**DATA FOR THIS EXERCISE**
──────────────────────────────
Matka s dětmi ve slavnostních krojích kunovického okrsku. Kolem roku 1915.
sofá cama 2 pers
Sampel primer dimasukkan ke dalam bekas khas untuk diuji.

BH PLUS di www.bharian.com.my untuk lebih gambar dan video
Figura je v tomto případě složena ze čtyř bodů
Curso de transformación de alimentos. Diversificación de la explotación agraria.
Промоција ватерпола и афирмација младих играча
──────────────────────────────
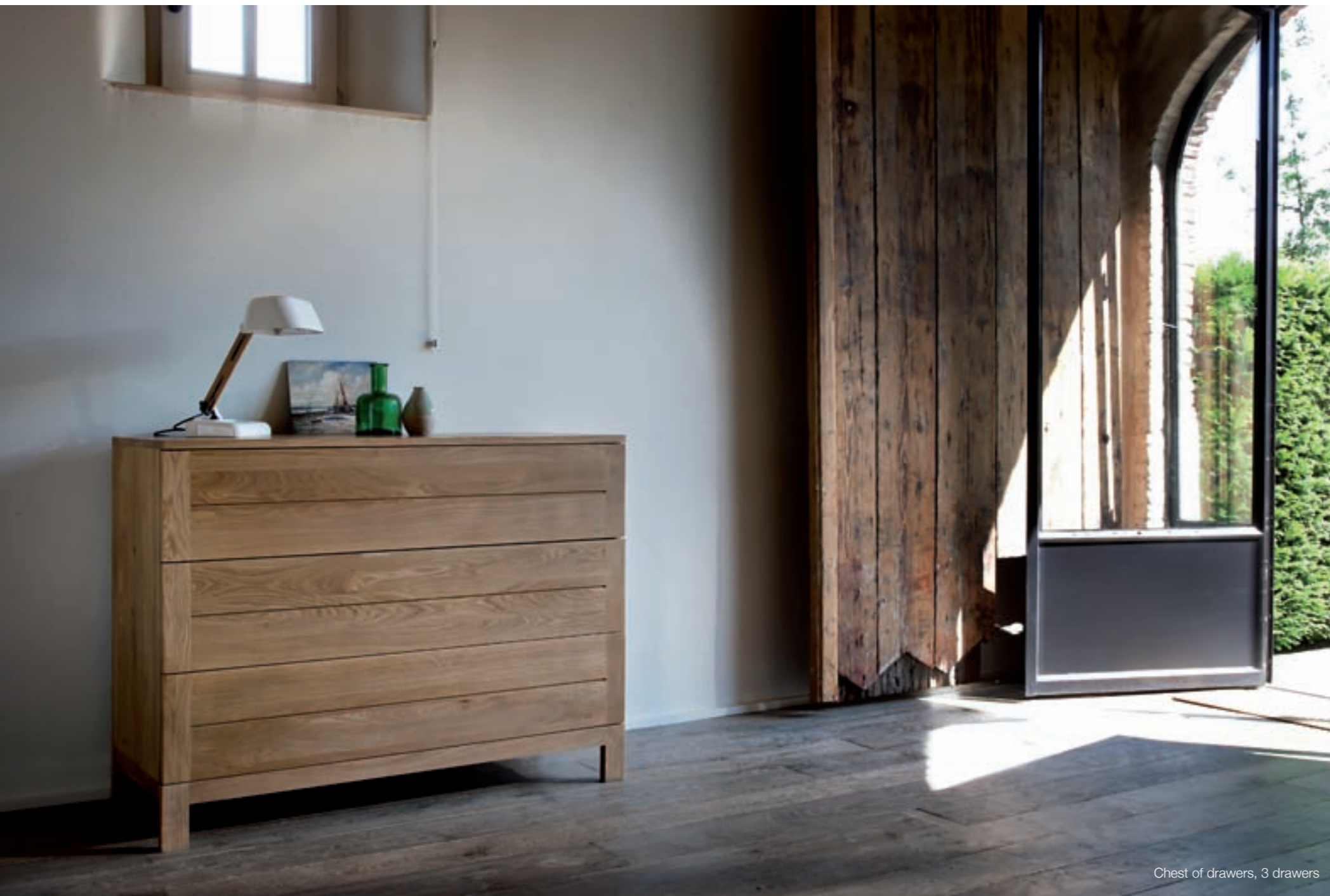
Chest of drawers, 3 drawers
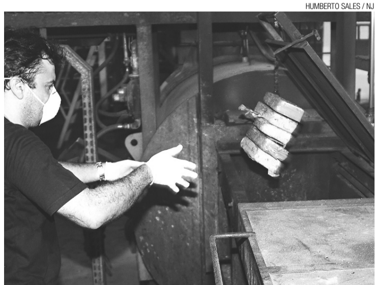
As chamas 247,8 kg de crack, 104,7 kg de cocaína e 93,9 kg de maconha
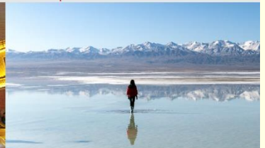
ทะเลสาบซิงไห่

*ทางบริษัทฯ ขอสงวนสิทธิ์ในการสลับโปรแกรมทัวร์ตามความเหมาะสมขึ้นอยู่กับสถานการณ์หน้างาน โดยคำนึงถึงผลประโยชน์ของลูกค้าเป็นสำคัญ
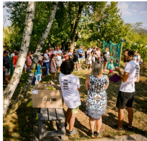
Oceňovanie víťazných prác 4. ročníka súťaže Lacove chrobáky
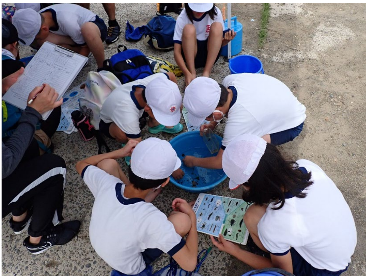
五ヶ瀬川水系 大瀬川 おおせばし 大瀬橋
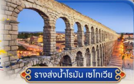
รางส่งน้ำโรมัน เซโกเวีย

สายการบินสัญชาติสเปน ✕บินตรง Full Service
──────────────────────────────
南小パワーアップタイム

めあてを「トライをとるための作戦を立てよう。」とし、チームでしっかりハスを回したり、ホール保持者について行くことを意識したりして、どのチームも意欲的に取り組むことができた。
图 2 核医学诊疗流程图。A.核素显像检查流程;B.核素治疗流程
──────────────────────────────
**TASK INSTRUCTIONS**
Restate word for word every line from the one with "ทะเลสาบซิงไห่" up to and including the one with "สายการบินสัญชาติสเปน ✕บินตรง Full Service" in the records above, minus the pictures.

**WRITTEN SOLUTION**
ทะเลสาบซิงไห่

*ทางบริษัทฯ ขอสงวนสิทธิ์ในการสลับโปรแกรมทัวร์ตามความเหมาะสมขึ้นอยู่กับสถานการณ์หน้างาน โดยคำนึงถึงผลประโยชน์ของลูกค้าเป็นสำคัญ
Oceňovanie víťazných prác 4. ročníka súťaže Lacove chrobáky
五ヶ瀬川水系 大瀬川 おおせばし 大瀬橋
รางส่งน้ำโรมัน เซโกเวีย

สายการบินสัญชาติสเปน ✕บินตรง Full Service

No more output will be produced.